Hi,
I am a novice maker, but decided to take on an ambitious project of making an engagement ring for my girlfriend. 4-prong solitaire setting that would hold a 1 carat stone.
I started with making the ring shank out of silver. I tried to make the prongs as well, but it turned out to be too challenging at this point with not so much experience. Simply put, I was not happy, the few versions I did were not close to the quality I want to give to her.
So, I decided to model the prong part in 3D, print it in wax and cast in metal (used Shapeways for this). Then I soldered the parts together and finished the ring. I know professionals would never do that, but unfortunately I don’t have years of time to practice at the moment. Wish I had
Anyhow, I did the first versions of the ring from silver, and then tested them out by setting the stone. I actually had a model of the stone 3d printed in plastic, so that I could test stone setting safely. Silver versions worked fine, and I was able to gently bend the prongs over the “stone” nicely.

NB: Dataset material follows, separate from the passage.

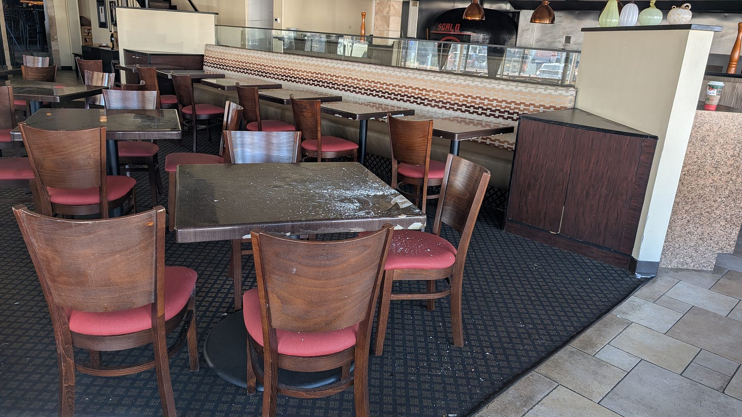 A visit to the site Jan. 20 showed a big crack on a large exterior window and a patio area still scattered with tables and chairs that have been exposed to the elements and copious amounts of pigeon poop. A peek through the front door revealed a dining room frozen in time, but also one with ceiling pieces that have fallen on a table from some sort of deterioration from above.
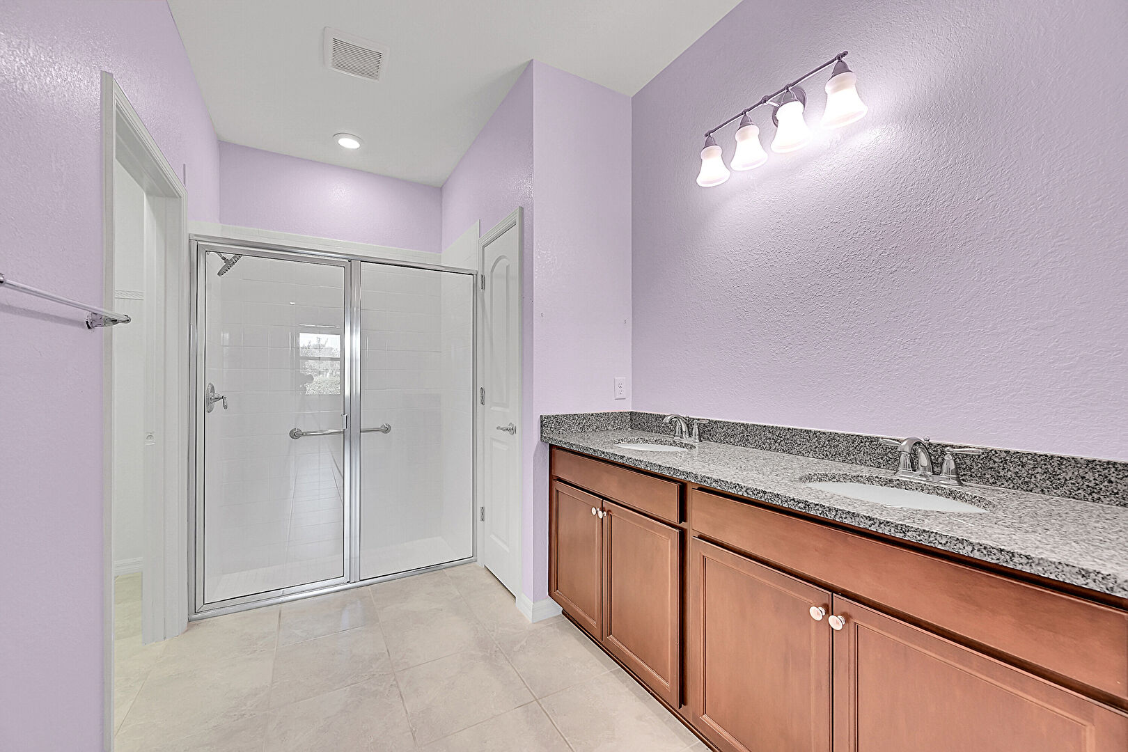 Double Vanity, Full Bathroom, Textured Wall, Tile Floor, Vent, Recessed Lighting

However, when I had the same design prongs printed in white gold, the prongs broke a bit below the tip when I was bending the tip over the stone. Well, I thought maybe the prongs were too thin and redesigned the prongs for the next version. Again, I had it printed out in white gold, and exactly the same occurred again, even though I had strenghtened them quite substantially. A few of these failures caused my proposal to be pushed back, and I had to pull the plug on my plans.
I am starting to think that the cast white gold from is too brittle for ring prongs, and I am having trouble deciding what to do next.
As experts, what do you recommend? Change alloy or something else? Or is my only option to just go down the long path and keep on practising prong-making from solid stuff until I get it how I want?